The Carboxyl Domain.
The carboxyl domain contains a classic Cro-like HTH DNA binding motif. Amino acid substitutions of a number of residues within this region destroy the ability of the TyrR protein to repress the various genes of the regulon (339). Similarly, a truncated TyrR protein missing the HTH motif can neither repress nor activate members of the regulon (90). Deletion of 10 of the 11 amino acids between helix 2 and the carboxyl terminus also destroys activation and repression functions (339). A representation of the TyrR protein showing the three domains and the critical amino acids that have been discussed in this section is given in Fig. 6, and a discussion of the DNA sites to which the protein binds is included in the next section.

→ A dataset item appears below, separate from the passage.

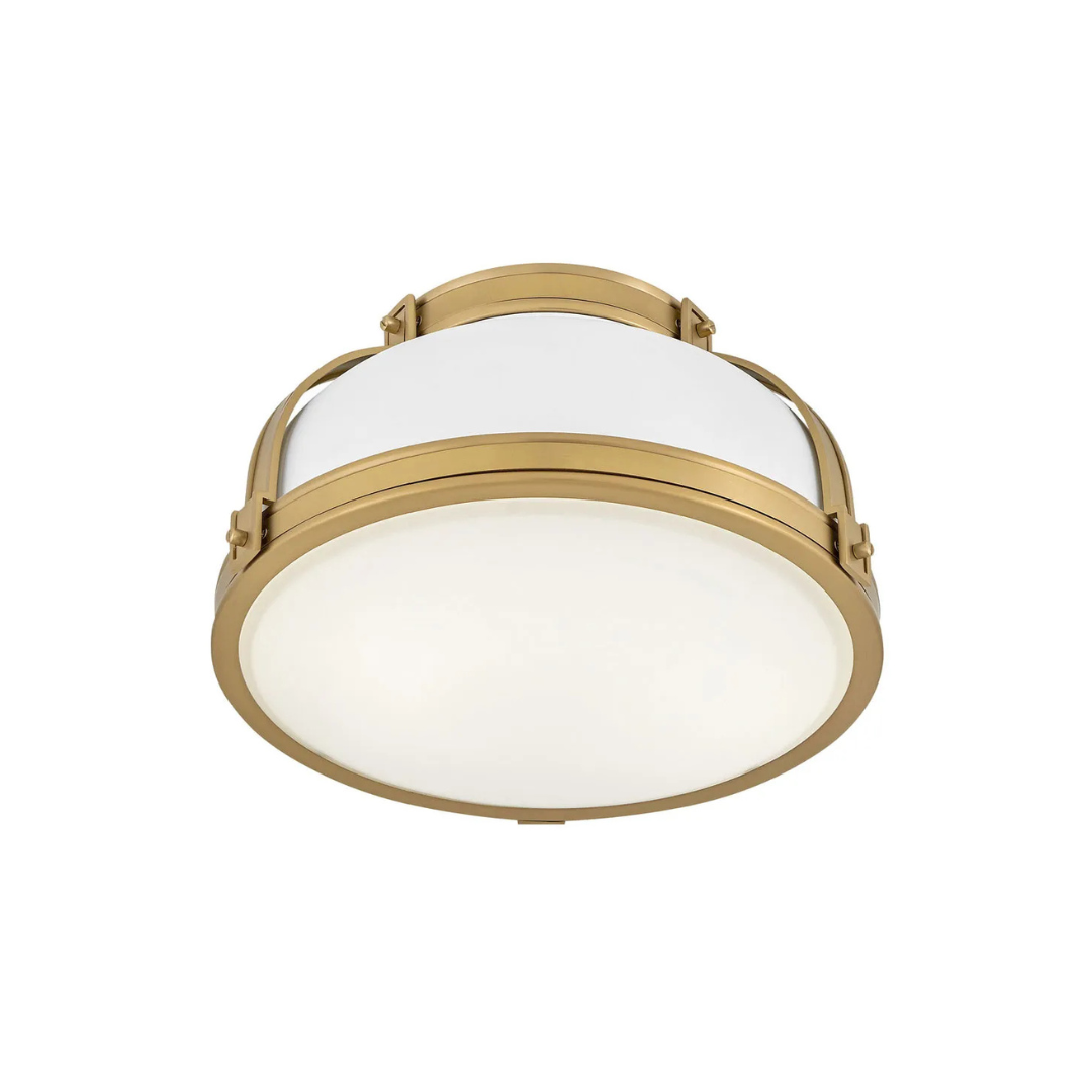 Timeless with a classic equestrian aesthetic, Barton’s metal dome shade with double-strap design is available in Black, Matte White, or Gloss White with Vivid Navy finishes complemented by Lacquered Brass and an Etched Opal glass diffuser.
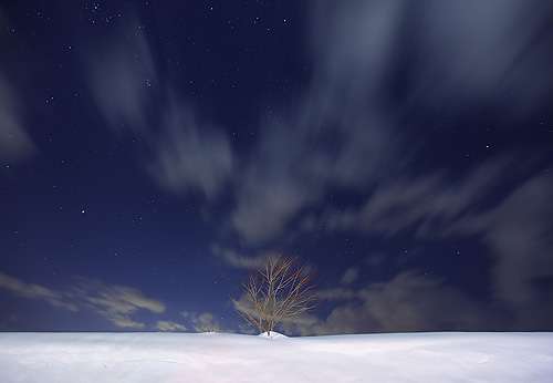 雪原に立つ一本の木。星空や流れ雲(yún)の下に立つ木の存在感たるや。

The target sites on the DNA that are recognized by the TyrR protein are all related to the palindromic sequence TGTAAAN6TTTACA. The underlined bases (G and C) are invariant, and changing them to any other base largely destroys the function of the box (10, 30, 66, 68, 128, 192, 208, 283, 286, 340; B. Lawley and S. Hwang, unpublished data). These palindromic sequences, together with the two flanking nucleotides at each end, are referred to as TyrR boxes. Their distribution with regard to the putative RNA polymerase-binding sites for each of the transcription units is shown in Fig. 7 along with relevant TrpR-binding sites for aroL and mtr. The sequence of each box is shown in Fig. 8. All of the transcription units repressed by tyrosine, i.e., aroF, tyrA, aroL, aroP, tyrB, and tyrP, have two adjacent TyrR boxes separated by a single base. In every case, one of these boxes shows a closer agreement to the consensus sequence than the other and in in vitro experiments is bound by the TyrR protein in the absence of effectors (9, 340; B. Lawley, unpublished data; V. S. Argyropoulos, Ph.D. thesis, University of Melbourne, Melbourne, Australia, 1989). For convenience, these boxes are referred to as "strong" boxes. Strong boxes, with the exception of aroG, are also AT rich in the central six positions (Fig. 8). The adjacent "weak" boxes are bound by TyrR protein only in the presence of tyrosine and ATP, have a weaker agreement with the consensus, and contain two or more G’s and C’s within the central six bases. With the exception of aroP, in which the boxes lie downstream of the RNA polymerase-binding site, the weak box always overlaps the RNA polymerase-binding site. In order for the weak box to be bound by TyrR, a strong box must be present nearby on the same face of the DNA helix. In the case of tyrP, this cooperative binding between strong and weak boxes still occurs if the boxes are separated by one turn of the helix but not if the separation involves three turns of the helix (9).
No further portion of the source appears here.